3. SUMMARY OF THE INVENTION

The invention meets this need by proposing an ultrasound measuring device that comprises:

• • a support bearing two ultrasound probes movable relative to each other by slide link, each of the two probes being movable relative to the support by ball-joint link, said probes being capable of simultaneously acquiring two ultrasound images;
  • first measuring means for measuring a relative positioning of said probes comprising one travel sensor and at least two orientation sensors;
  • second measuring means for measuring a positioning of said device relative to a reference plane, comprising at least one orientation sensor;
  • means for localizing at least one point of interest on each of said two ultrasound images;
  • means for processing data coming from said first and second measuring means, capable of delivering a relative spatial position of said points of interest located in said images.

Thus the invention relies on a wholly novel and inventive approach to ultrasound measurement, especially but not exclusively in the context of total hip replacement.

Indeed, the invention proposes an ultrasound measurement device enabling the simultaneous acquisition of two images corresponding to two anatomical zones of interest in the patient. This device is particularly simple to use, because the probes have six degrees of freedom relative to each other, thus enabling the device to adapt well to each patient's morphology, and providing efficient image-capturing conditions. This architecture especially enables the practitioner to easily adjust the probes on the anatomical points of interest for the measurement of the pelvic tilt.

In addition, the designing of such a measuring device removes the need to localize the probes, thus enabling the device to be portable and be used in medical consultation. Indeed, the presence of orientation and travel sensors in the measuring device makes it possible to know the position of the two probes, relative to each other and in space. When the anatomical points of interest have been localized in the images acquired by the ultrasound probes, the measuring device of the invention can then directly deduce the relative spatial positions of these anatomical points since the relative positions of the probes are known.

Finally, the measuring device of the invention proposes non-irradiating measurement relying on ultrasound measurement.

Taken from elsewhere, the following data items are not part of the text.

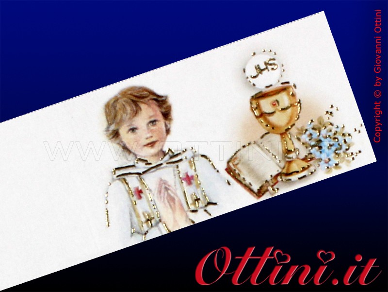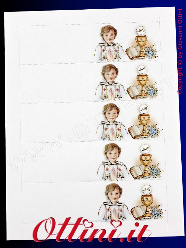 Nuovo bigliettino Bomboniera bambino per prima comunione dalla grafica molto curata ed elegante. I ricchi dettagli in oro a caldo lucido, conferiscono pregio e finezza a tutto l’insieme.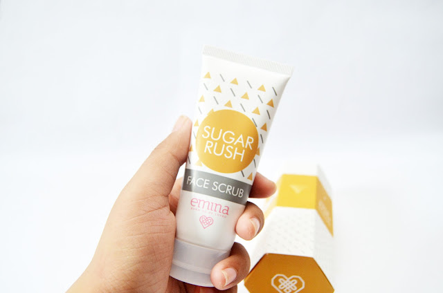 Sugar Rush Face Scrub dari Emina ini dikemas menggunakan box berbentuk prisma segi enam dengan perpaduan warna coklat kekuningan dan warna putih. Desain boxnya itu yang bikin gemes! Antimainstream dan bikin gue gamau buang boxnya hahaha. Kalau desain botolnya sendiri, mirip sama desain varian skincare Emina lainnya, yah, seperti face wash dan sun protection-nya. Tapi untuk yang face scrub ini nuansa warnanya sama seperti boxnya, coklat kekuningan juga. Tutupnya modelan flip gitu jadi aman lah, ya, untuk dibawa-bawa, dan bisa atur pengeluaran produknya juga. Ukurannya juga cukup mungil, standar kemasan face wash pada umumnya.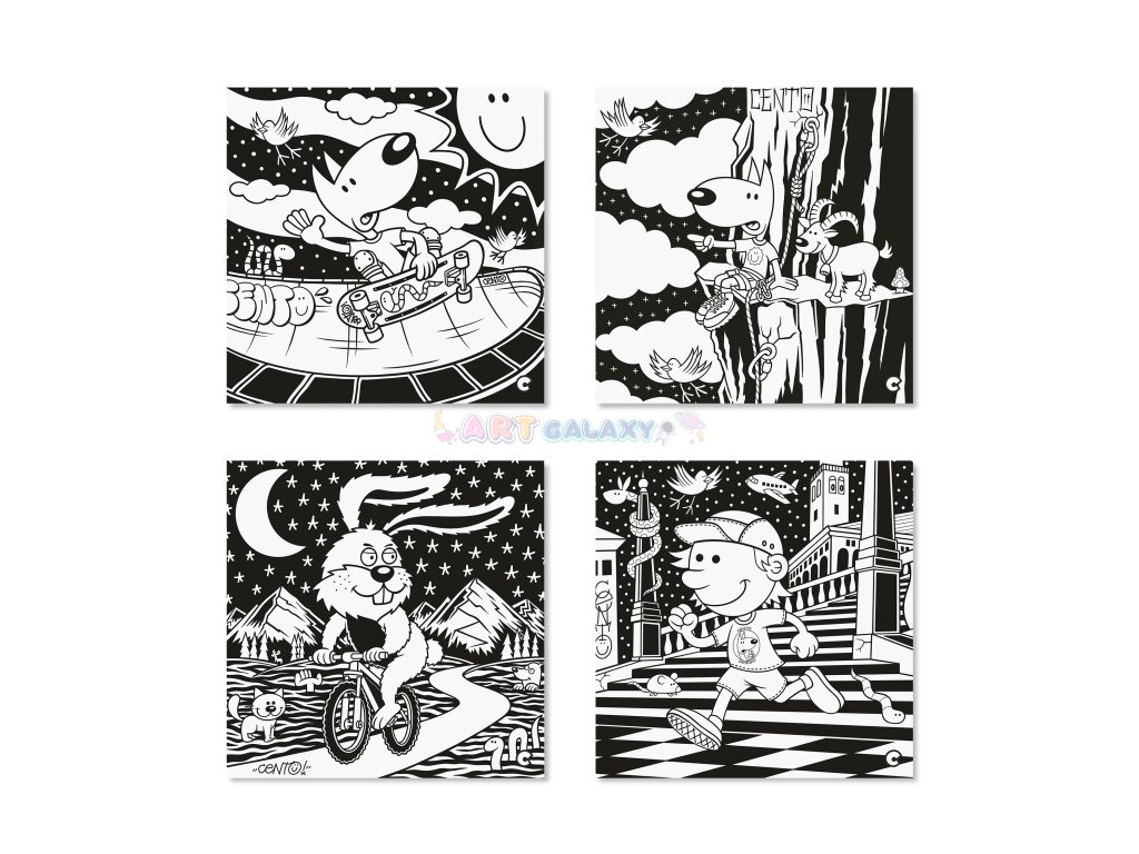 Zábavné omalovánky značky Carioca obsahují 4 listy k vymalování. Jsou jedinečné tím, že mají černé stránky, které jsou neobvyklé pro dětské omalovánky, lépe rozvíjí fantazii a barvy skvěle vyniknou. Originální design omalovánek navrhl graffiťák a ilustrátor Cento Canesio!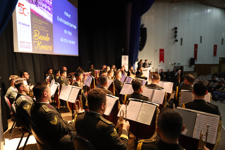 Üniversitemizin kuruluşunun 50. yıl dönümü etkinlikleri kapsamında, Malatya 2. Ordu Bölge Bando Komutanlığı ile Üniversitemiz Devlet Konservatuvarı iş birliğinde düzenlenen ortak konser, unutulmaz bir müzik ziyafeti sundu.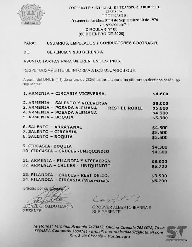 La Cooperativa Integral de Transportadores de Circasia (COOTRACIR) anunció las nuevas tarifas para los diferentes destinos intermunicipales del departamento, un ajuste que ha generado inquietud entre los usuarios por el impacto en el bolsillo. Según explicó el gerente de la cooperativa, Leonel Giraldo, el aumento responde a la aplicación de una estructura de costos exigida por el Ministerio de Transporte y la Superintendencia de Transporte, entidades que regulan este tipo de servicios.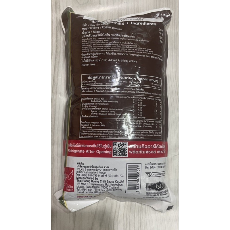 ซอสหอยนางรม ตราม้าบิน น้ำหนัก 1 กิโลกรัม ไม่ใส่สีสังเคราะห์ และปราศจาก Gluten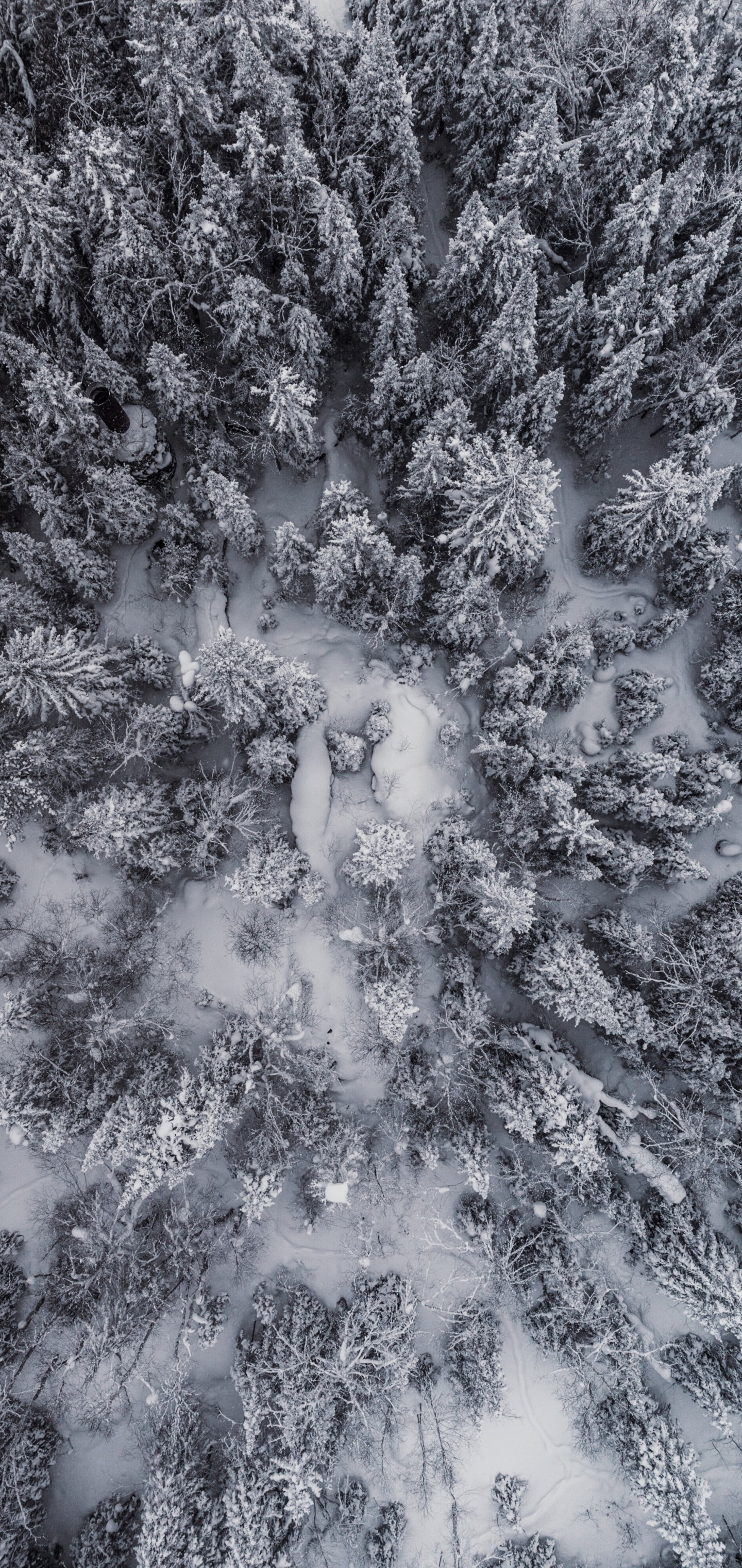 Обои: снегопад, фото с дрона, зима, деревья - 1440x3040
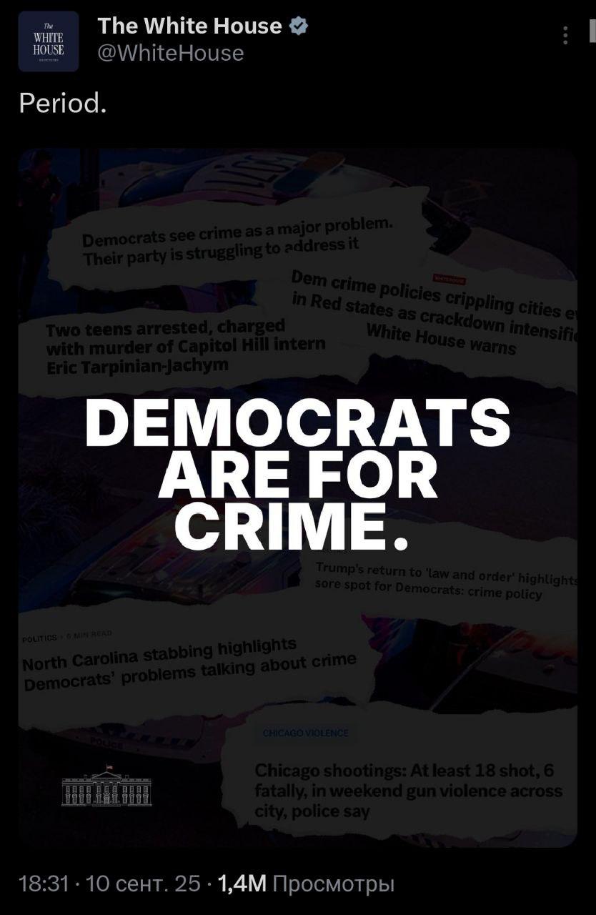 "Демократи - за злочинність", - пост із таким твердженням опублікували соцмережі американської адміністрації.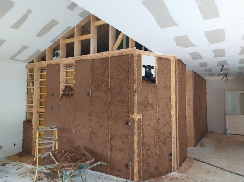 En plus d’avoir un impact environnemental particulièrement faible, la terre a de nombreuses propriétés vertueuses pour l’habitat. Selon la technique utilisée (Torchis, adobe, enduit…) la terre joue un rôle majeur dans la régulation hygrothermique grâce à son pouvoir d’absorption de la vapeur d’eau et sa grande inertie.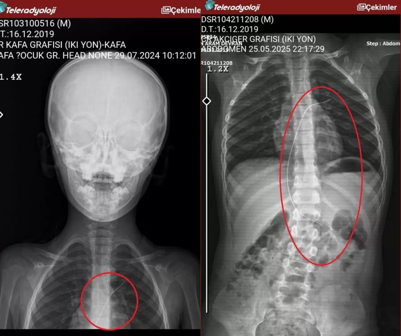 Şırnak’ta piknikte salatalık parçası yuttuktan sonra öksürük ve kusma şikayetleriyle hastaneye götürülen 6 yaşındaki Aram Devran Ötün’ün, 3 yıl önce Stevens- Johnson sendromu nedeniyle tedavi gördüğü sırada damar yoluna takılan 18 santimetrelik kateterin vücudunda unutulduğu ortaya çıktı. Öğüt, 5,5 saat süren riskli bir ameliyatla kateterden kurtuldu.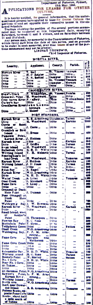 Applications for leases for oyster culture at Port Stephens [Sydney Morning Herald, 12 May 1885]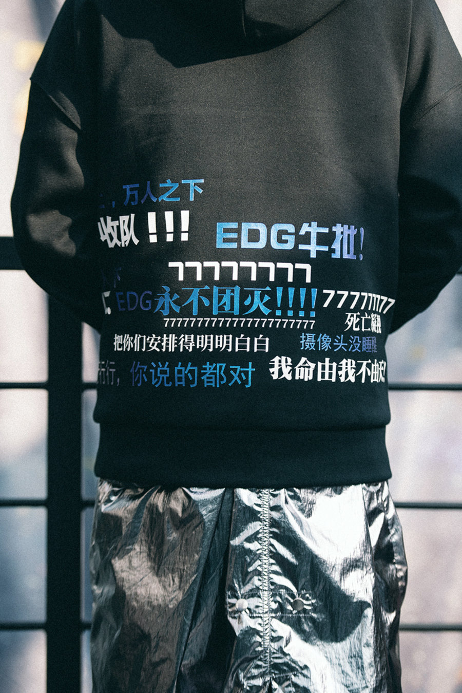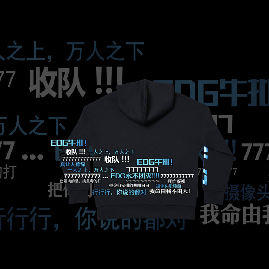 超酷的蓝紫炫彩印刷工艺仍然让这款帽衫拥有极高的个性指数,灵感来自于电竞比赛时的炫丽灯效,穿上它你也能像 EDG 一样成为目光焦点。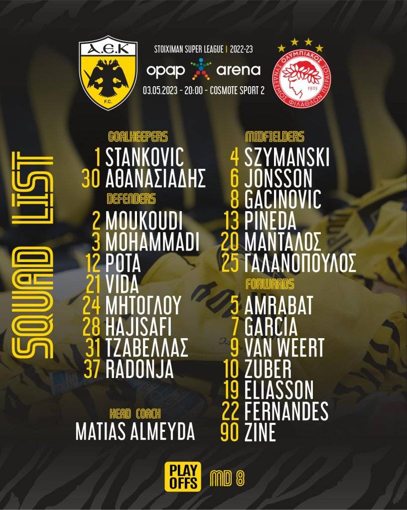 Αναλυτικά την αποστολή της ΑΕΚ απαρτίζουν οι: Στάνκοβιτς, Αθανασιάδης, Μουκουντί, Μοχαμάντι, Ρότα, Βίντα, Μήτογλου, Χατζισαφί, Τζαβέλλας, Ραντόνια, Σιμάνσκι, Γιόνσον, Πινέδα, Γκατσίνοβιτς, Μάνταλος, Γαλανόπουλος, Άμραμπατ, Λιβάι Γκαρσία, Φαν Βέερτ, Τσούμπερ, Ελίασον, Πάολο Φερνάντες και Ζίνι.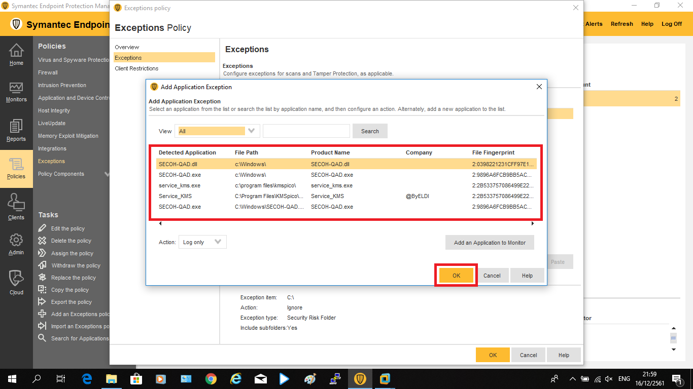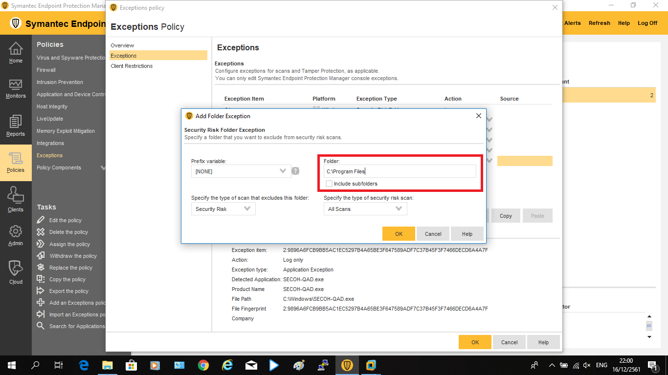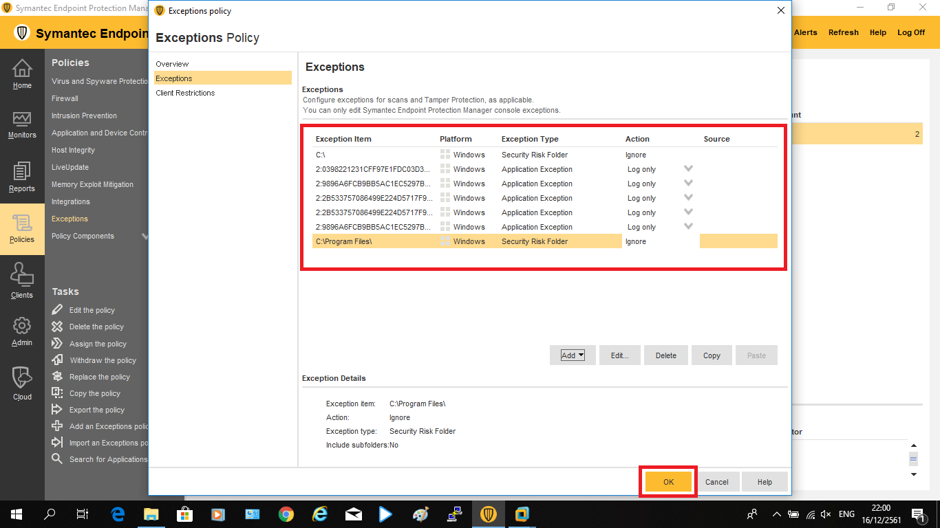 • 1. กดเข้าไปที่ Policies ที่แถบเครื่องมือด้านซ้ายของโปรแกรม จากนั้นเลือก “Exceptions”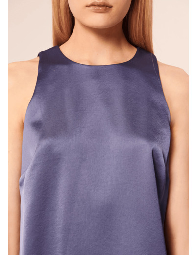 Ce débardeur bleu en satin possède une encolure ronde. Il est marqué sous la poitrine pour souligner la silhouette et donner une allure ultra féminine. Fermeture discrète par un crochet doré au dos.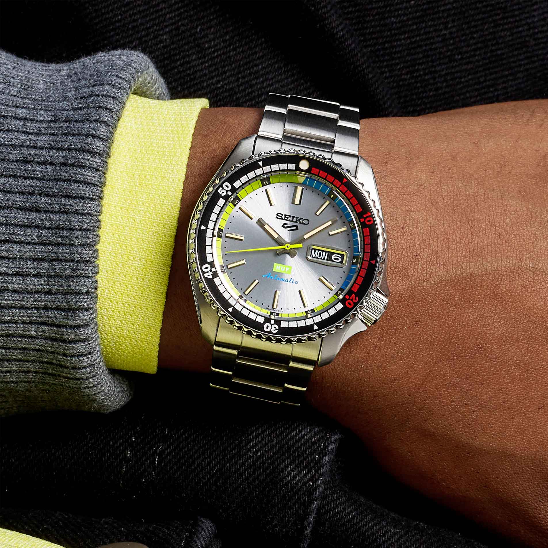 Seiko, 5 Sport X HUF Limited Edition Collaboration II with a 42.5mm stainless steel case and bracelet strap featuring a day date function and a silver dial.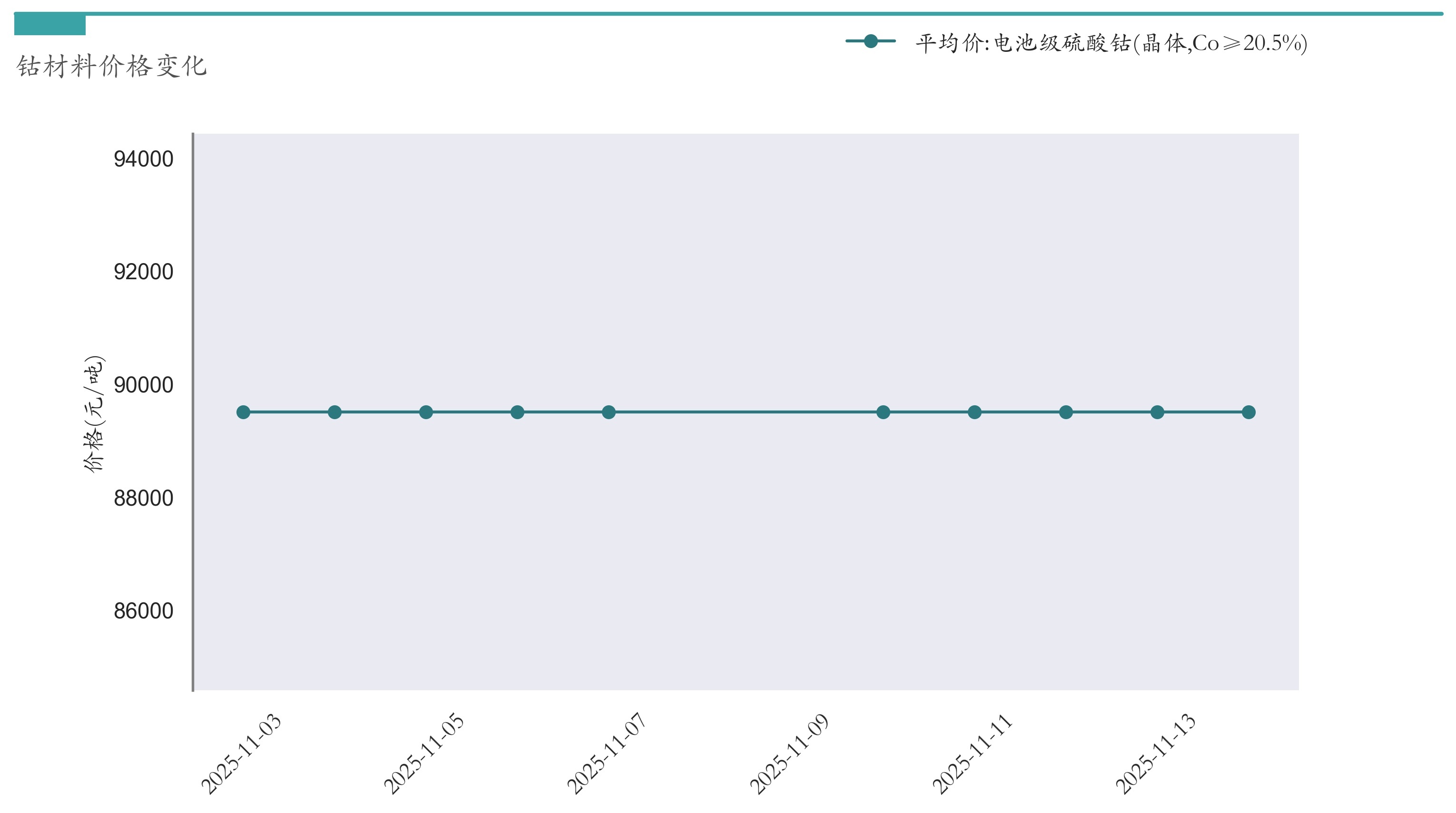 截至11月14日,电池级硫酸钴平均报价为89500元/吨,较11月7日持平。近两周钴材料价格变化如下图所示: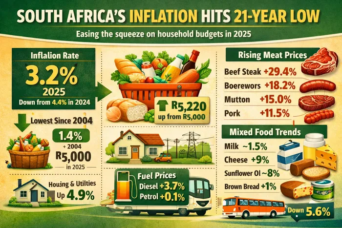 South Africa’s inflation rate in 2025 hit its lowest level in more than two decades, easing price pressures on households, Statistics South Africa said.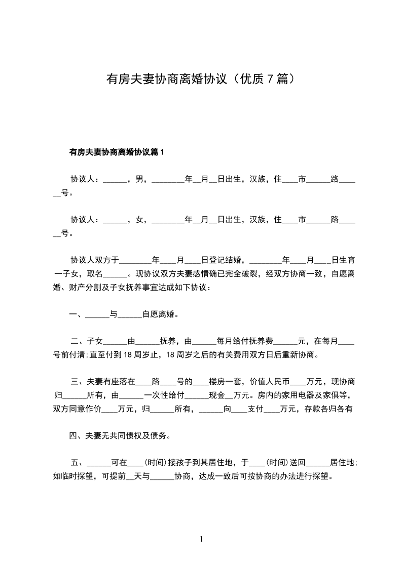 三、夫妻有座落在____路____号的____楼房一套,价值人民币____万元,现协商归______所有,由______一次性给付______现金__万元。房内的家用电器及家俱等,双方同意作价____万元,归______所有,______向____支付____万元,存款各归各有。
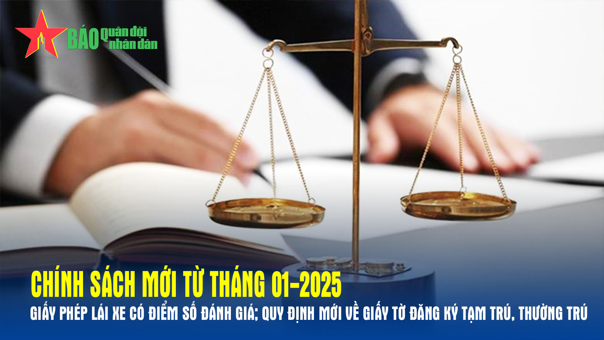 Từ tháng 01-2025, nhiều chính sách, quy định mới có hiệu lực như: Giấy phép lái xe có điểm số đánh giá; Giảm thuế giá trị gia tăng trong 6 tháng đầu năm; Bổ sung 3 chức danh thuộc đối tượng cảnh vệ; quy định mới về giấy tờ đăng ký tạm trú, thường trú...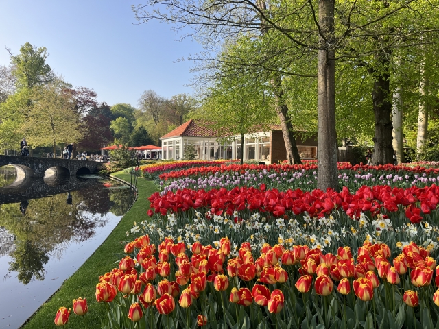 アムステルダム郊外の町リッセにあるフラワーパーク「キューケンホフ公園」。 世界最大級の花の公園にも関わらず、開園するのは3月中旬~5月中旬の2か月間のみという、期間限定の公園です。 見どころは何と言ってもチューリップ。 チューリップと同じく球根のスイセンやヒヤシンスなども植えられ、開園期間中は世界中から多くの観光客が集まります。 |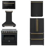 FORNO Appliance Package - 36" Electric Range, Range Hood, 36" Refrigerator, Dishwasher, Microwave in Black with Antique Brass Accents

This is particularly advantageously for the patient, who is thus not exposed to harmful doses of radiation.

According to one embodiment of the invention, said two ultrasound images are a first image of an upper right-hand or left-hand zone of an individual's iliac bone and a second image of a lower zone of said iliac bone, said points of interest comprise an anterior-superior iliac spine and a pubic symphysis of said individual, and said device comprises means to determine a pelvic tilt of said individual on the basis of said relative spatial position of said points of interest.

Indeed, the measuring device of the invention can be applied particularly advantageously in the context of the measurement of a patient's pelvic tilt, i.e. the tilt of the pelvis relative to the vertical, this measurement being done in different positions of the patient (standing, seated, supine). To measure this tilt, it is enough to locate three known points of the pelvis (namely the two anterior-superior iliac spines and the pubic symphysis) defining the APP (anterior pelvic plane) which constitutes the reference plane relative to the patient to measure the pelvic tilt.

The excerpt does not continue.